Oczywiście pokazali mi dzieci i położyli na brzuch.Gratulowali i dziwili się jak dzielnie poradziłam sobie z urodzeniem bliźniąt.Powiedziałam ,że są małe,więc dlatego łatwo poszło,a oni stwierdzili,że urodziłabym jeszcze nie jedno dziecko,tak dobrze mi to szło.
Potem zaczęlo się szycie i było dość nieprzyjemne.Po wszystkim kazali mi się wysikać,ale ja nawet nie czułam czy mi się chce czy nie,mimo to próbowałam.Po pewnym czasie kazali mi iśc pod prysznic,było mi bardzo słabo,myślałam że zemdleję w czasie mycia(w czasie porodu straciłam jakies 750ml krwi).Potem z pielęgniarką i moim wróciliśmy do sali, gdzie leżałam przed porodem.Na początku potrzebowałam pomocy przy wstawaniu,przekręcaniu się i wszystkim,ale już w nocy sama doszłam do wc.Nadal było mi bardzo słabo ale postanowiłam to pokonać.Bardzo chciałam zobaczyć jeszcze moje dzieci,ale zabrano je piętro wyżej na oddział wcześniaków.I tego wieczoru już nie starczyło mi sił,aby tam iśc.Za to rano przyszła pielęgniarka i mnie do nich zaprowadziła.Leżeli w inkubatorach,ale tylko ze względu na utrzymanie ciepła.Dostali dobre oceny apgar-synuś po 10pkt po 1min,po 5 i po 10min,a córcia 9pkt po 1min,8 pkt po 5min i 10 pkt po 10min.

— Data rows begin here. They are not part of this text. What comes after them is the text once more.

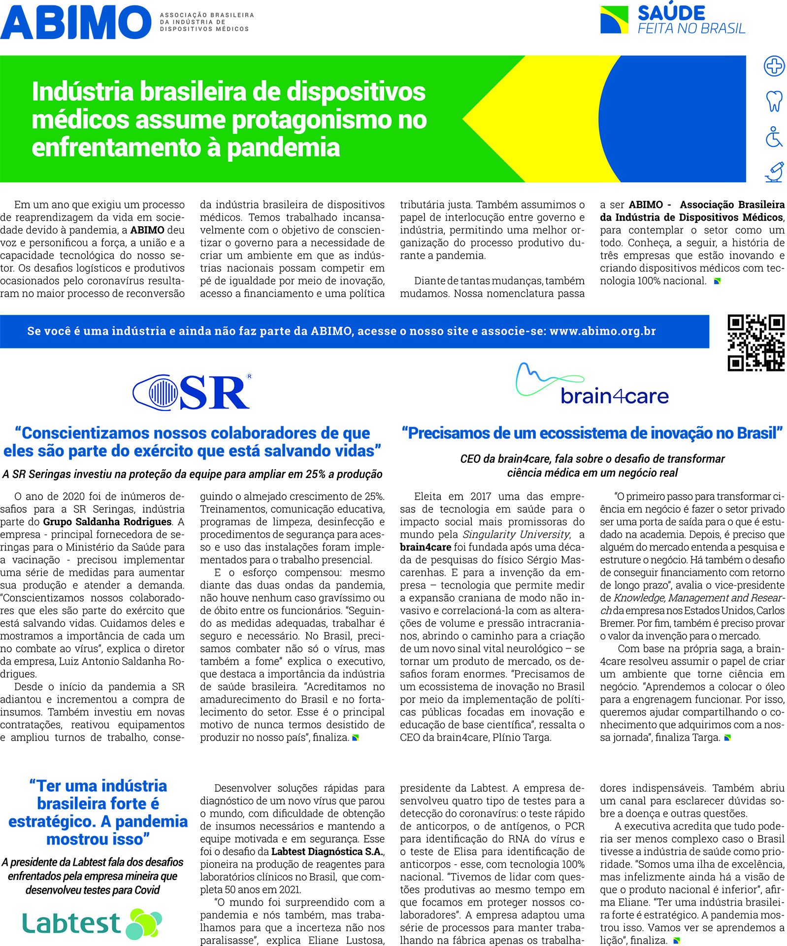 Segundo o presidente da Associação Brasileira da Indústria de Artigos e Equipamentos Médicos, Odontológicos, Hospitalares e de Laboratórios(Abimo), Franco Pallamolla, o mercado de equipamentos, no Brasil, está entre os dez mais importantes do mundo, tanto em tecnologia quanto em qualidade. “O enfrentamento da pandemia do coronavírus mostrou toda a nossa capacidade de resposta às demandas que se apresentaram e ainda se apresentam. Fomos ágeis, eficientes e inovadores, atendendo às mais variadas solicitações, incluindo Equipamentos de Proteção Individual (EPIs) e ventiladores pulmonares”, defende.
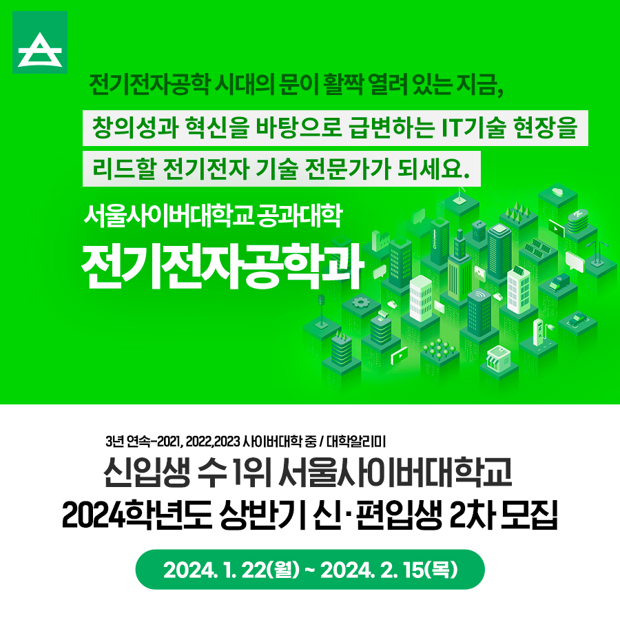 | NO.1 서울사이버대학교 2024학년도 상반기 신·편입생 모집마감 D-day31 (0) | 2023.12.11 |
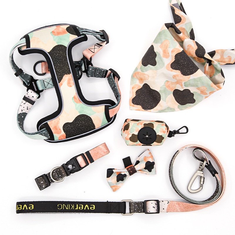 Printed Dog Harness Pet Traction Rope Reflective Chest Harness Set Small And Medium Dog Chest Harness Dog Chain
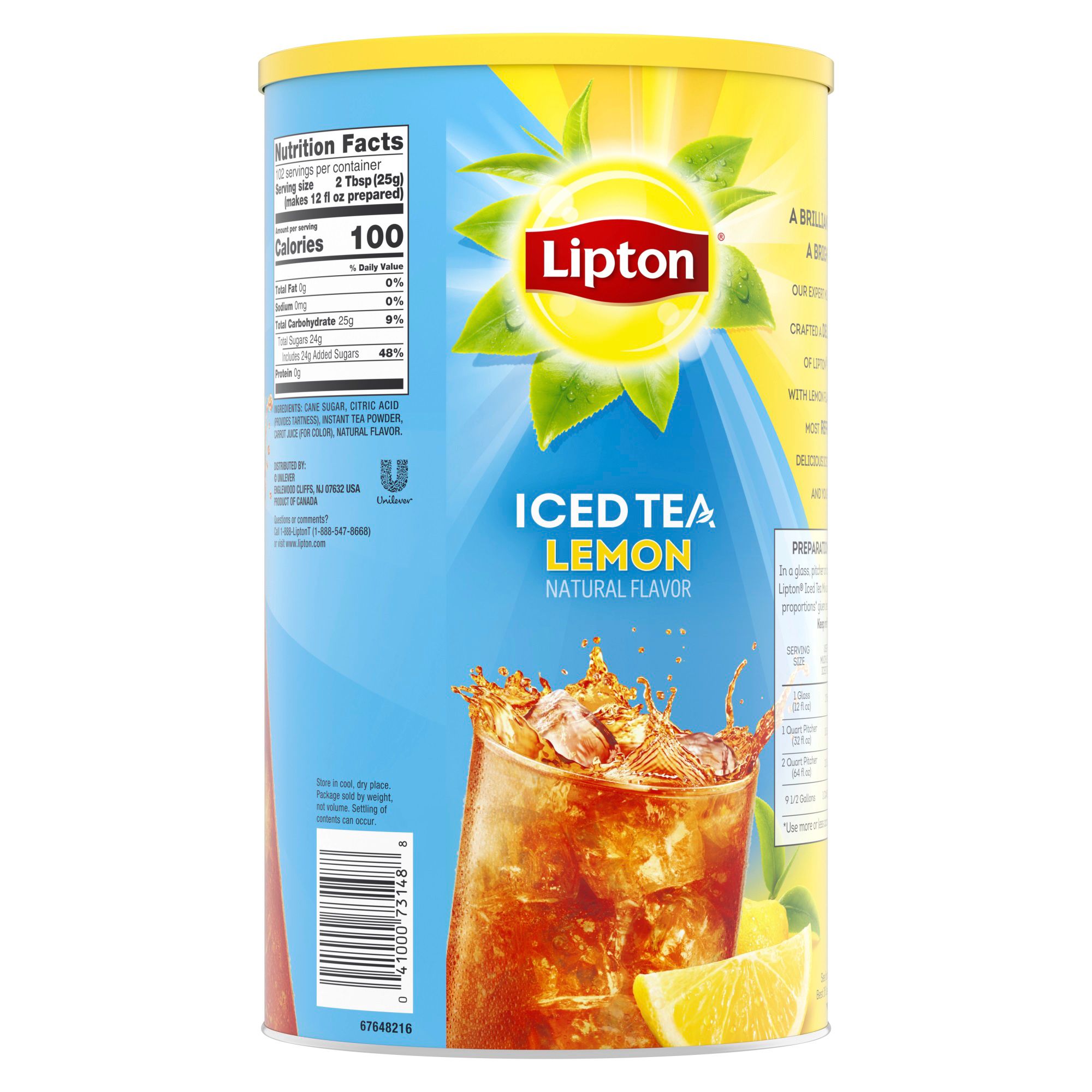 Recharge with this classic citrus refresher. Lipton lemon iced tea mix has pure lemon flavor blended with the crisp taste of real tea. Lipton Lemon Iced Tea Mix is brewed from real leaves so the taste is always pure and satisfying.

Przystawili mi ich w celu pobudzenia laktacji i tego dnia chodziłam tam co 3godz.Następnego dnia rano już wypisano mnie z oddziału położniczego i przenieśli do dzieci ,ale już nie jako pacjentkę ,a opiekunkę dzieci.
Walczyłam o laktację.Tego dnia dzieci zostały jeszcze w inkubatorach,a ja co 3godz regularnie ich przystawiałam,mimo ze nic nie leciało.W czwartek przeniesiono ich już do mnie na salę i pokazali jak przewijać,karmic itd.Myślałam ,że nie mam pokarmu,ale okazało się,że to dzieci nie umiały jeszcze ssac,co spowodowało zastój mleka w piersiach i strasszny ból.Dostałam oksytocynę do nosa,miałam odciągac pokarm,nadal przystawiać dzieci i brac gorący prysznic po każdym przystawianiu,aby mleko zaczęło schodzić.Męczyłam się tak przez półtora dnia,brałam prysznic co 3h nawet w nocy.Prawie nie spałami chodziłam już jak zombi,aż w końcu przyszła jeszcze większa kryza kiedy synuś zaczął przygryzać mnie przy "karmieniu" i z bólu nad tym płakałam.
Denerwowało mnie,kiedy wszystko kazali mi robic na czas,bo kiedy np. córcia już nauczyła się ssac,to nie mogłam jej powiedzieć: możesz ssac tylko 10 min,bo tak kazały pielęgniarki.
Było ciężko,ale każdego dnia czułam się lepiej fizycznie,choc psychicznie wykańczało mnie,że synuś nie umie ssac.Dobrze,że pił chociaż z butelki.W 3dni z zerowej laktacji,rozkręciłam ją na tyle,że pokarmu starczało mi dla obojga dzieci.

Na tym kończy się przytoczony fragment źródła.